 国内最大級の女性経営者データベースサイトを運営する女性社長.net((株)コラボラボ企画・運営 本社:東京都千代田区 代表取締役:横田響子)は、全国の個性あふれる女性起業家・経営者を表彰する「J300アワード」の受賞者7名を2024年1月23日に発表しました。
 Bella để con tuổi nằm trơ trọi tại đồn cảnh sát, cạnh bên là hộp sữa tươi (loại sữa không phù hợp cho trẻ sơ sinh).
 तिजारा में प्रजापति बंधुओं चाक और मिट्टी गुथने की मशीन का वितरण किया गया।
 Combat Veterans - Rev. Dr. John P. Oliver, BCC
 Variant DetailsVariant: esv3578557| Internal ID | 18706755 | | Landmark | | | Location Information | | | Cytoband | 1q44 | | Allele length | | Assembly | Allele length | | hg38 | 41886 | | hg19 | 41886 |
---
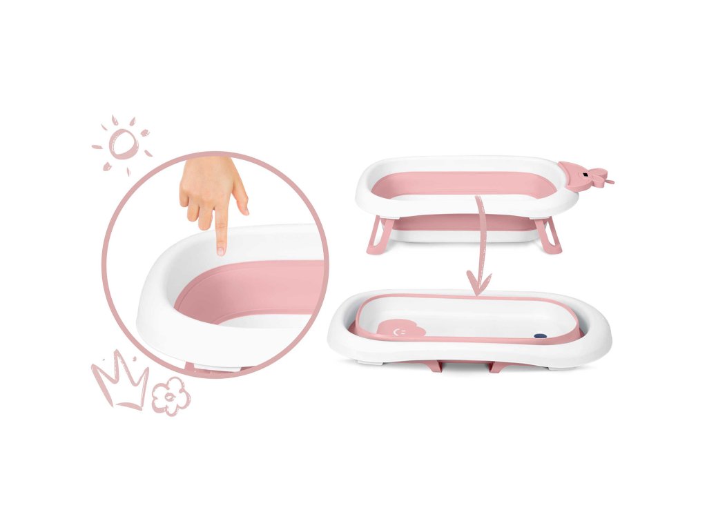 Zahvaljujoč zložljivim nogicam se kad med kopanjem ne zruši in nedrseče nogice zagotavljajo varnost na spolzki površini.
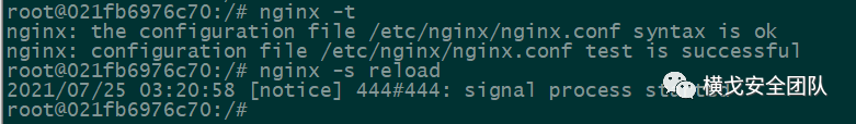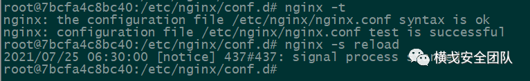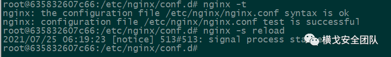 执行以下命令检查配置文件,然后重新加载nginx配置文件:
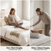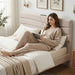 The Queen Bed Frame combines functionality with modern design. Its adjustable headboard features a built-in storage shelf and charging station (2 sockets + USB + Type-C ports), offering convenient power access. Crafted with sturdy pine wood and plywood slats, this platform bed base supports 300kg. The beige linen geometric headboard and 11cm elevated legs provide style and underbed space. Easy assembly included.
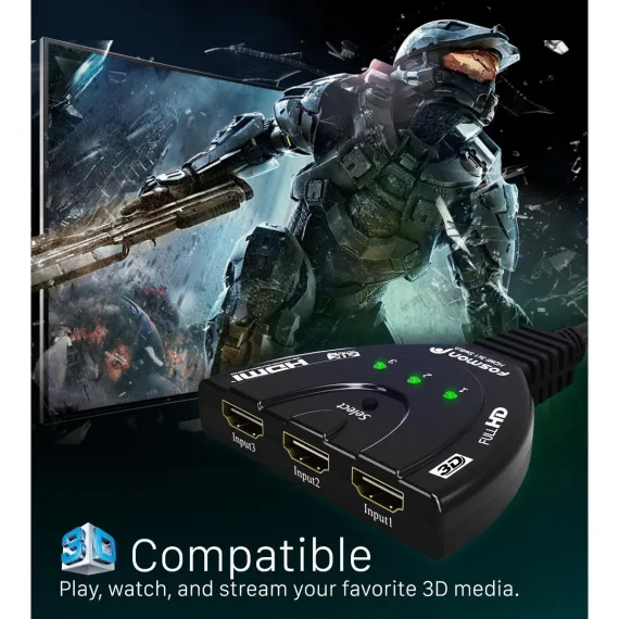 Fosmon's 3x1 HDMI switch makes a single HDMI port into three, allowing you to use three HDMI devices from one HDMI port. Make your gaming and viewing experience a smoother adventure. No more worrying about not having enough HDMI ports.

| Directions for this task |
Which lines above run from the one containing "तिजारा में प्रजापति" to the one containing "Variant DetailsVariant: esv3578557|"? Give them again exactly, both ends included.

| Answer to the problem |
 तिजारा में प्रजापति बंधुओं चाक और मिट्टी गुथने की मशीन का वितरण किया गया।
 Combat Veterans - Rev. Dr. John P. Oliver, BCC
 Variant DetailsVariant: esv3578557| Internal ID | 18706755 | | Landmark | | | Location Information | | | Cytoband | 1q44 | | Allele length | | Assembly | Allele length | | hg38 | 41886 | | hg19 | 41886 |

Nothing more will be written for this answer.